Intel’s launch of an over-the-top TV service that would compete with cable and satellite giants will be delayed until 2014, as the chipmaker scrambles to find partners to help it come to market, according to an industry source familiar with Intel’s strategy.
Originally, Intel Media, the division headed by former BBC exec Erik Huggers, planned to debut the Internet TV service by the 2013 holiday shopping season. But at this point, the launch will have to be pushed to 2014 — and the initiative is in danger of getting mothballed if Intel can’t arrive at a workable solution.
Netflix is among the potential partners Intel has approached, according to a source. However, Intel and Netflix never held serious discussions about a partnership, according to another source close to the situation. Netflix execs have consistently disavowed any interest in creating a service that would try to compete with traditional cable and satellite TV.
Word that Intel was seeking partners to launch its over-the-top rival to cable and satellite TV was reported Thursday by AllThingsD and Bloomberg. A source confirmed that Intel is looking for “prospective partners which have synergies.”
Intel has been in talks with Amazon and Samsung Electronics about pacting for the service, dubbed OnCue, according to AllThingsD.

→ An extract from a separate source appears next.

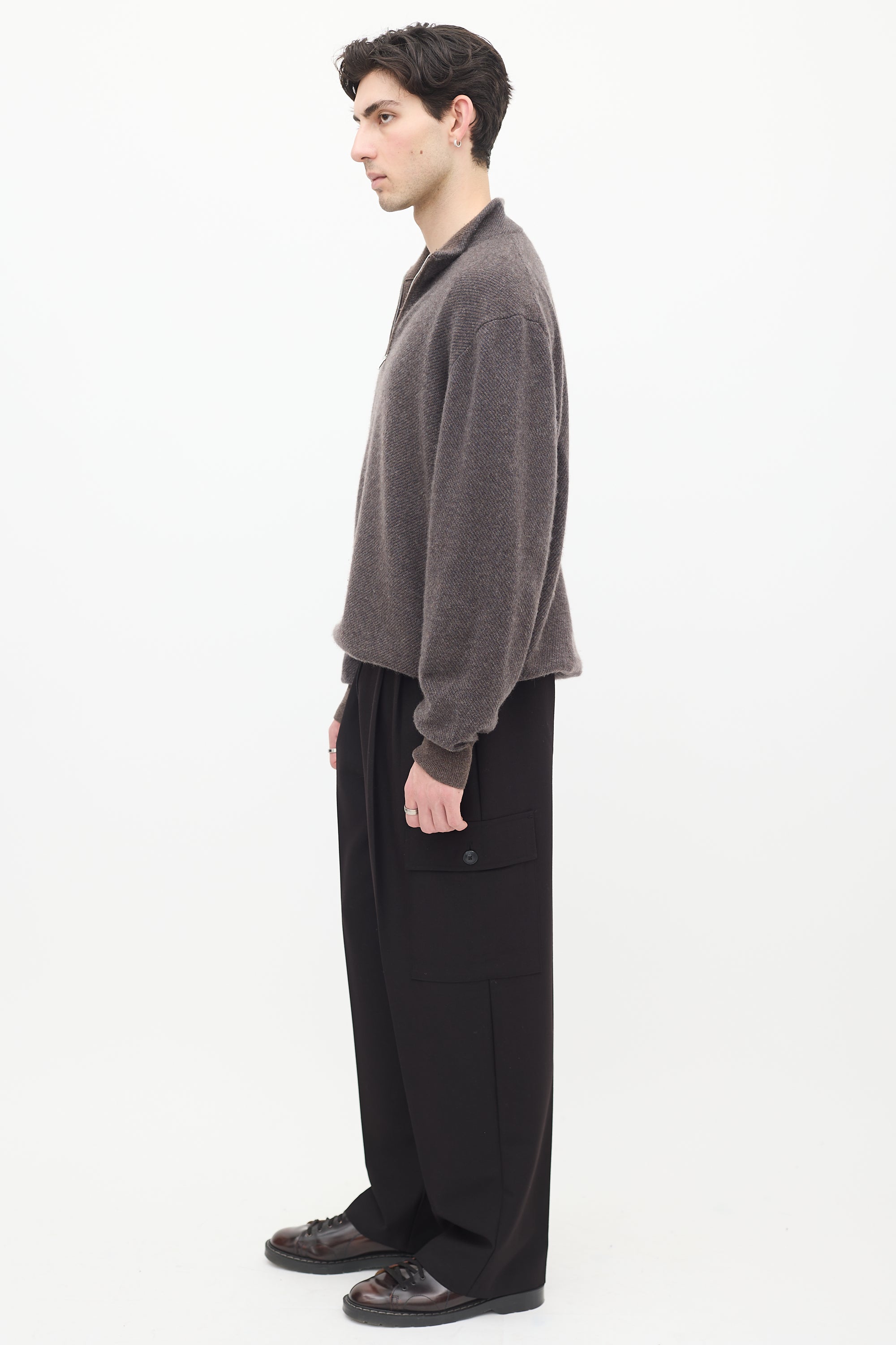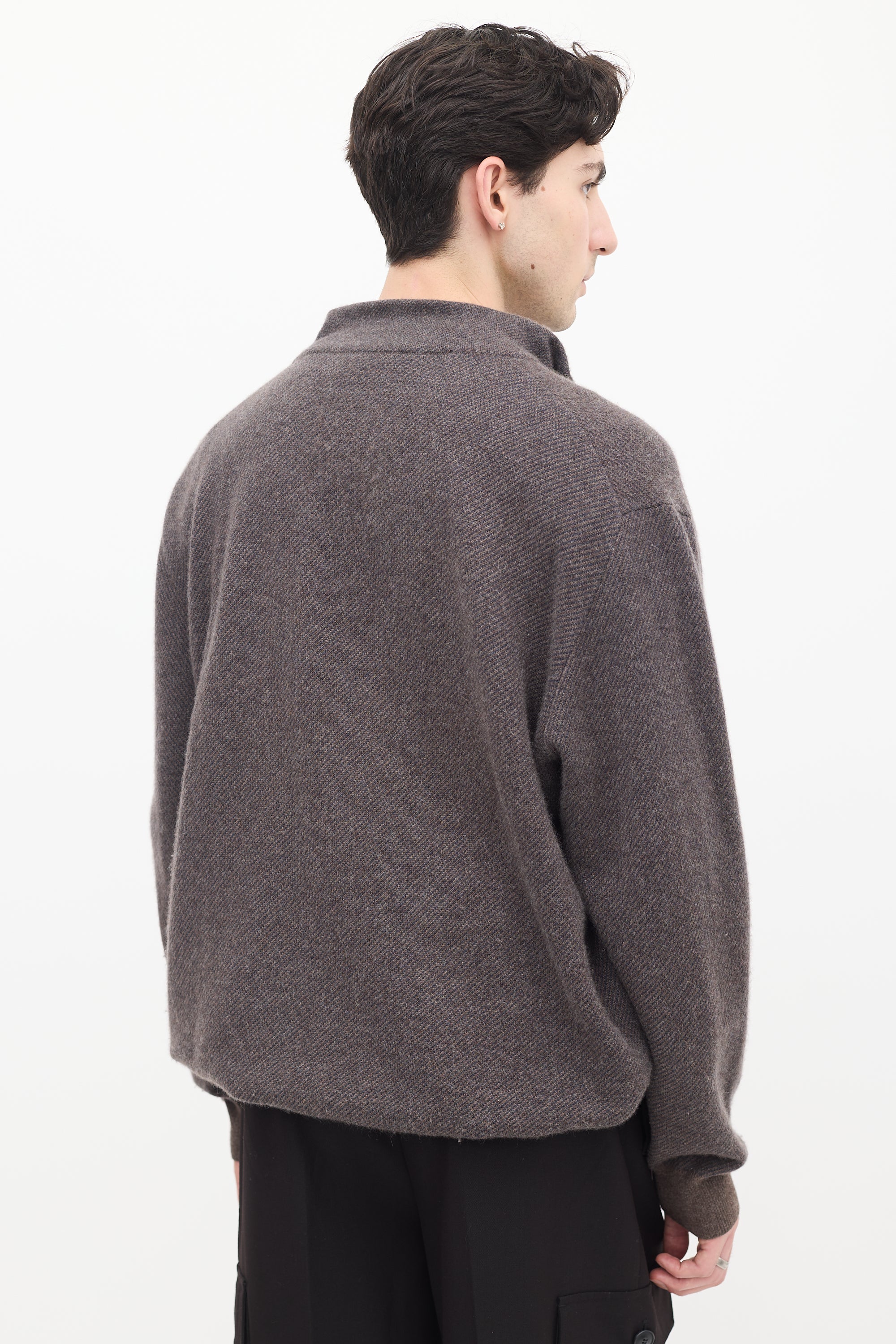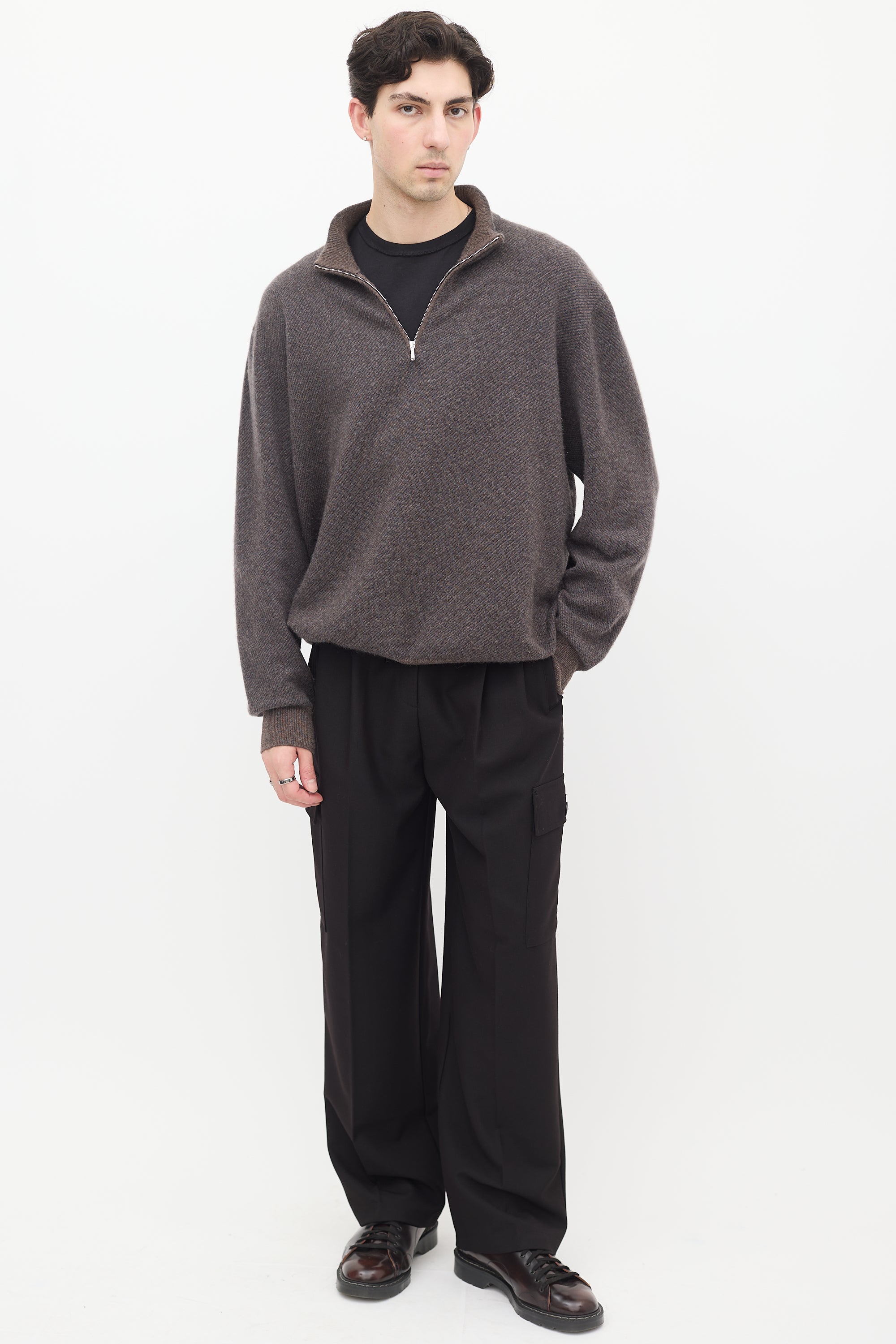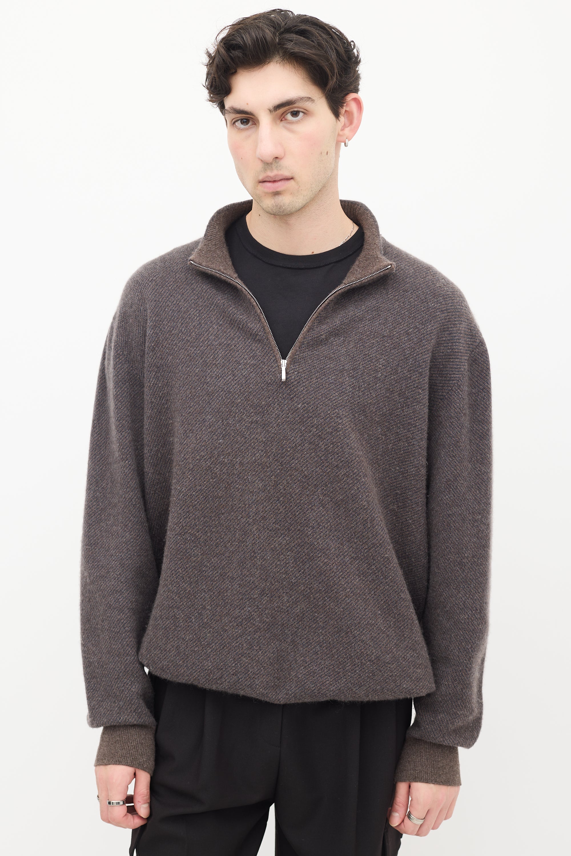 Pre-owned Loro Piana brown cashmere Roadster Pull sweater featuring high collar, quarter zip front, and ribbed cuffs and hem.

In addition, the chipmaker hoped to line up a partnership with John Malone’s Liberty Media or its international cable operator unit, Liberty Global, that would involve financial backing, Multichannel News reported. But Liberty had “zero interest” in a deal, according to the report.
The deck has always been stacked against Intel in its ambitious — some would say quixotic — plan to take on entrenched cable and satellite TV services. That Intel is casting about for help to create the Internet-delivered television shows that realizing the vision was much tougher than the company anticipated.
Pay TV providers have long been skeptical that Intel, or anyone else, can assemble programming rights and achieve scale to take on cable and satcaster giants. Sony and Google also are reportedly cooking up cable TV competitors.
The challenges for new entrants into the pay TV market are significant. The biz is already highly competitive — and in the U.S., aggregate subscriber numbers have started to decline. Meanwhile, Intel and other over-the-top players would be relying on the broadband pipes of cable and telco companies, and an OTT service would be hard pressed to offer a notable price advantage over existing pay TV services.
To date, Intel hasn’t yet nailed down a programming pact with a major media company. The company would have to higher per-subscriber rates for such deals, and if programmers cut distribution deals with an over-the-top partner they would have to extend the same terms to existing cable and satellite partners.